On top of that, the British citizens who were flown out of Wuhan, the centre of the epidemic, have been quarantined in hospital property only 12 miles away from where I live. 

And then, of course, there is my daughter-in-law, who is Chinese. She and my little Eurasian granddaughter spent the Chinese New Year in China with family and friends. My son, who had to work, stayed at home in Hong Kong, which was just as well as he has been their only contact with the outside world for the past 14 days. Although they were very far away from the epicentre of the Coronavirus they were still required to self-quarantine when they returned home,  and my daughter-in-law has only today been allowed to return to work.

My granddaughter is still at home because her school has been closed since Christmas and will not reopen until 4 March at the earliest.
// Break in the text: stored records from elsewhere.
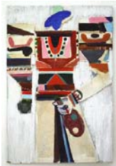
IA/M 1/00 Israel Aten "Cadillac Dreams and Velvet Suits", 2013 acrylic on cardboard on canvas 71 x 110 cm / 28 x 43 1/3 in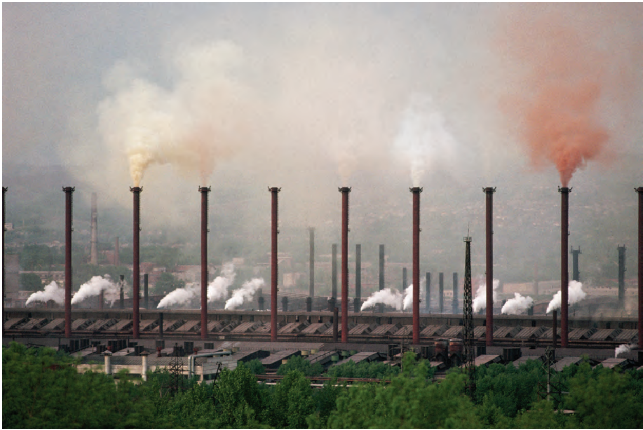
■ Smokestacks in Siberia releasing carbon dioxide emissions into the atmosphere.

The prophets of doom are not without their detractors, who have eagerly pointed out that the predictions of the Club of Rome and similar ones by other organizations and by concerned governments have not been borne out by the facts. For example, the Club of Rome predicted that the global reserves of oil, natural gas, silver, tin, uranium, aluminum, copper, lead, and zinc were approaching exhaustion and that prices would rise steeply. In every case but tin, reserves have actually grown since 1972. Eight years later the price for virtually all minerals—excepting only zinc and manganese—had dropped and continue to do so. The Club of Rome’s inaccurate predictions have not diminished its dystopian confidence. In a more recent and widely acclaimed work, Beyond the Limits (1999), the Club of Rome, while acknowledging that its earlier predictions had been too pessimistic, persisted in being equally pessimistic about the future.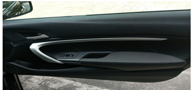
Front Door Trim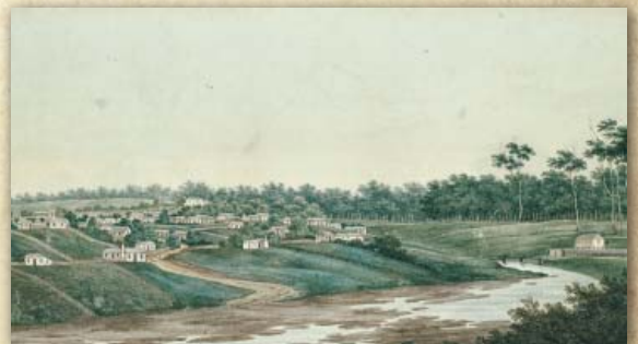
A view of Parramatta (G.W Evans)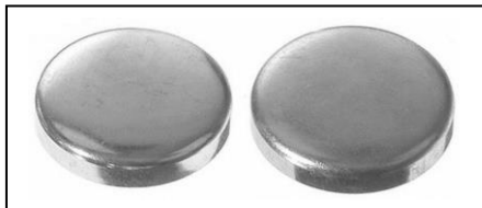
Material: Fe P04 UNI 5866 – Zinc plated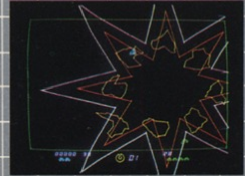
A well-aimed shot through the tunnel explodes the Eliminator Base.

M ake room for Eliminator™. Eliminator is the hot new game from Sega/Gremlin that's already climbing to the top of many earning reports. You can't afford to be without it.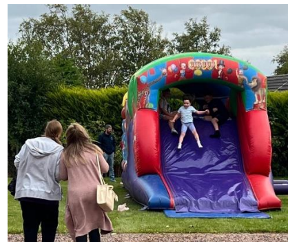
Left – the older generation enjoying themselves - Right – the younger generation having a ball.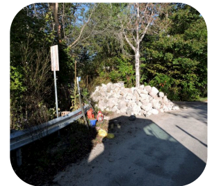
Figure 3: Clean, washed rock is stockpiled before being loaded onto a crane bucket to lower into the spawning bed.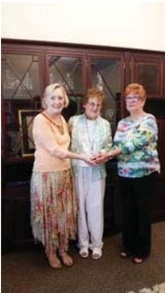
Lay Eucharistic Visitors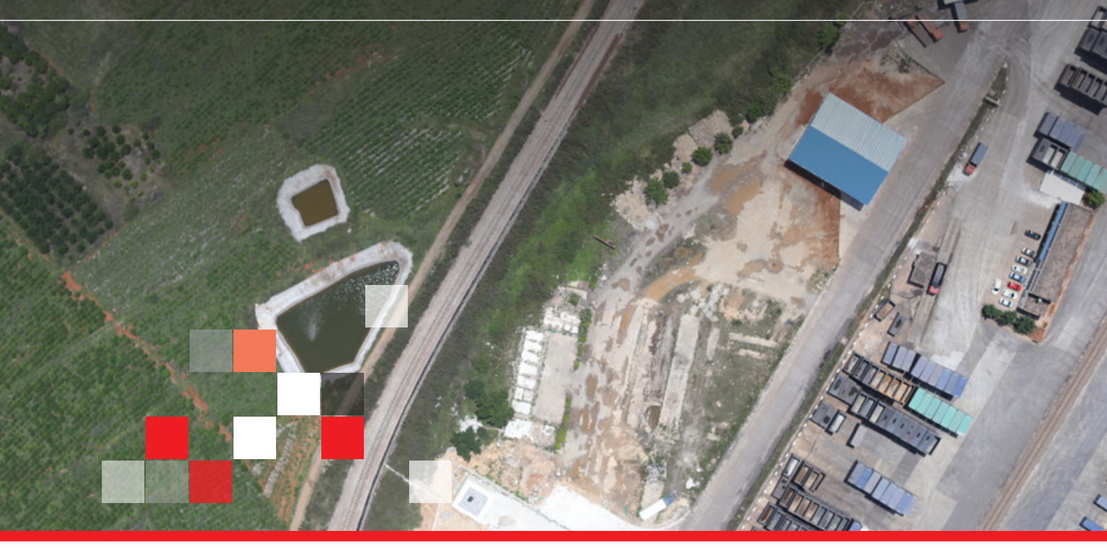
Figure 2 Natural Gas and Petroleum Pipeline Inspection

The service distribution platform operated by China Unicom relays the information acquired by the drone from the ground control centre to the local network management centre.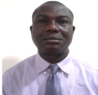
Adepoju Oladejo Thomas

Adepoju OT 1* , Dudulewa BI 1 and AY Bamigboye 2

Also most of her friends have either left Hong Kong for a perceived safety with family elsewhere, or have not returned from the Christmas holidays they were celebrating somewhere else in the world, so with no school and few friends to play with, it is fortunate that she loves to draw, write, make things, help cook, and also do the homework she receives every week by email.
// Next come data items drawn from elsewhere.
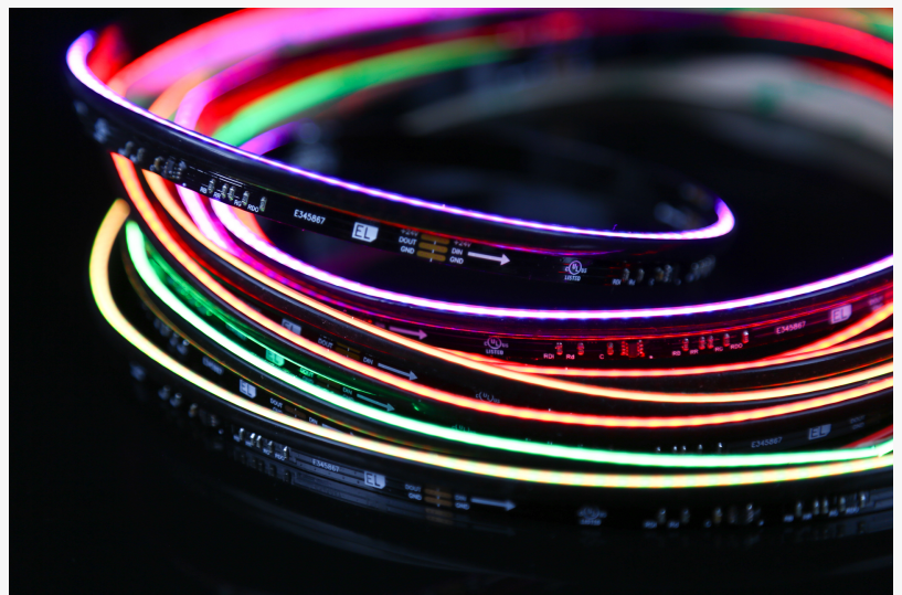
Continuous Side View RGB PixelControl Strip Light emits a continuous line of light from the strip's edge

Continuous Side View RGB PixelControl Strip Light emits a continuous line of light from the strip's edge. The neon-like appearance of the light is only visible when viewed from the side. The extremely narrow profile combined with our patented Continuous Chip-on-Board (COB) technology provides a highly dependable, hotspot-free, discrete lighting solution that can be placed in tight spaces.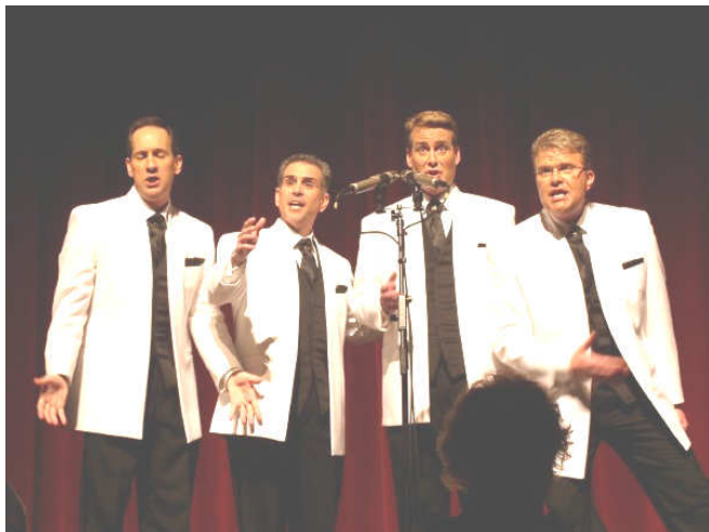
12 th Street Rag wowed the audience with their medalist-level performance.

Another regular CSD rep to international, 3 Men and a Melody , qualified out of district earlier -- also with top 10 scores -- so we'll have three district quartets in the Denver field to root for. But that's just part of the good news.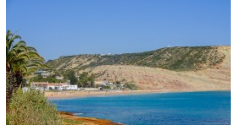
Praia da Luz

From a different perspective, however, some of what is happening is very interesting. My son, who works in change management in businesses in Hong Kong, is having to adapt his own work practice whilst also helping other people to cope with working from home. Culturally, home working is not the norm in Hong Kong and this, together with the very limited size of its family apartments, means that the forced confinement is having a deep psychological effect on many people.  Apartments in Hong Kong are on average the smallest in the world (484 sq ft). Many of these are homes to more than three people. As a comparison, the average one-bed flat size in Manhattan, New York, is 716 sq ft while in London it is 550 sq ft. Because I regularly help edit his various presentations and papers, it means I am able to be part of the whole thinking around the effects of Coronavirus on business around the world...not something I would have chosen given how it is affecting and frightening so many people, but interesting nevertheless.

So here I am, living in a coastal village in the North West of England, miles away from any major centre, in a place of clean beaches and fresh, unpolluted air, and yet, because of globalisation, I am still caught up in the world-wide effects of the Coronavirus. It is a strange, strange world.
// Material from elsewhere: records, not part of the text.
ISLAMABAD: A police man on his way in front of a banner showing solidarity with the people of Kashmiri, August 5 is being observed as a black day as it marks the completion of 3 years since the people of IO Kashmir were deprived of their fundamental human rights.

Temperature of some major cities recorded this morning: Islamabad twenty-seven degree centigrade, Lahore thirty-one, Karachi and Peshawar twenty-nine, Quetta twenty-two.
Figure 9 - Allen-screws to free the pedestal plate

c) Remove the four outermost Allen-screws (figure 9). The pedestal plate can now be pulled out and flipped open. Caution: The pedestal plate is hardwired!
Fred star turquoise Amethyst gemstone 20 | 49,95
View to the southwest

Now all I have to do is to send the medical face masks I've managed to buy in the UK over to my family in Hong Kong because there the shops have sold out altogether, and without a mask nobody goes out! In usual circumstances China makes 20 million face masks a day and Chinese people use them regularly both as a protection against traffic pollution and when they have a cold or cough which they don't want to pass onto other people. Now, however, production has fallen and people are panic buying. Fortunately we still have plenty in the UK where wearing them is not the norm at all. Who is to say when that will change, however. In the meantime we can spare some where they are needed most.

In my son's words at the end of his recent advisory leaflet to Hong Kong employees working from home for the first time: until it's over and we can all relax, work well and stay healthy.